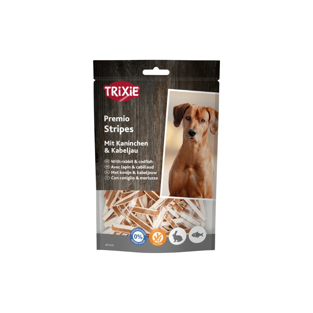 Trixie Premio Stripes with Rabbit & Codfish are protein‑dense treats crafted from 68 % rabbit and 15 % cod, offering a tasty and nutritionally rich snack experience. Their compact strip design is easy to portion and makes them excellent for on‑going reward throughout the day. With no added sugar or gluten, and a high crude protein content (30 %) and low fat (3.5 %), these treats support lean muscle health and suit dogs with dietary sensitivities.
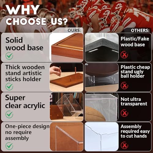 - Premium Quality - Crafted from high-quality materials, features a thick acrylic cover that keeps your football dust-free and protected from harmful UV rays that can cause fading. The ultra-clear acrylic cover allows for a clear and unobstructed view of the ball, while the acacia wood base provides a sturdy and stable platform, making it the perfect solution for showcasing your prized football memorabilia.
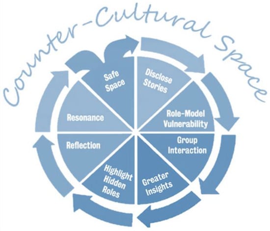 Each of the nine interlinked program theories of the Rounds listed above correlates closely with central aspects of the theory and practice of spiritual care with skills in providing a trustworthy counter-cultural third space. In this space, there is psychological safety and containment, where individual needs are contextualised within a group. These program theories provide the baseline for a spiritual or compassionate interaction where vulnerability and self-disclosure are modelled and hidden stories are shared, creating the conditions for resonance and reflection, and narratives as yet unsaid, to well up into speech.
---
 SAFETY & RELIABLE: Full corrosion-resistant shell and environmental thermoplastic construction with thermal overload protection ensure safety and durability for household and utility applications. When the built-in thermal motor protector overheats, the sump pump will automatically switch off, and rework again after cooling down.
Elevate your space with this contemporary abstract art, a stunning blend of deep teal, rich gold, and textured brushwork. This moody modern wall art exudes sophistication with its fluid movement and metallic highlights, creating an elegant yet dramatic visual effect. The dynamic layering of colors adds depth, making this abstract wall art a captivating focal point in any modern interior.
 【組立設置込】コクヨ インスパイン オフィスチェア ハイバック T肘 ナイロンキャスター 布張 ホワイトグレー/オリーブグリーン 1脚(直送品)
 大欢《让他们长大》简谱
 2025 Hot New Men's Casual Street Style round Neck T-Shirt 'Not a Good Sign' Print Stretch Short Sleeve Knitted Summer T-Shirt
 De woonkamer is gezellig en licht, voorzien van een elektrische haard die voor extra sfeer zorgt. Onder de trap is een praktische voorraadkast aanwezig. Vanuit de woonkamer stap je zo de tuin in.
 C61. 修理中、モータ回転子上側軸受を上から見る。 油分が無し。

• Work to be completed: Word for word, restate the lines above from the line containing "大欢《让他们长大》简谱" through the line containing "C61. 修理中、モータ回転子上側軸受を上から見る。 油分が無し。", with both included and nothing else.

• Reply:
 大欢《让他们长大》简谱
 2025 Hot New Men's Casual Street Style round Neck T-Shirt 'Not a Good Sign' Print Stretch Short Sleeve Knitted Summer T-Shirt
 De woonkamer is gezellig en licht, voorzien van een elektrische haard die voor extra sfeer zorgt. Onder de trap is een praktische voorraadkast aanwezig. Vanuit de woonkamer stap je zo de tuin in.
 C61. 修理中、モータ回転子上側軸受を上から見る。 油分が無し。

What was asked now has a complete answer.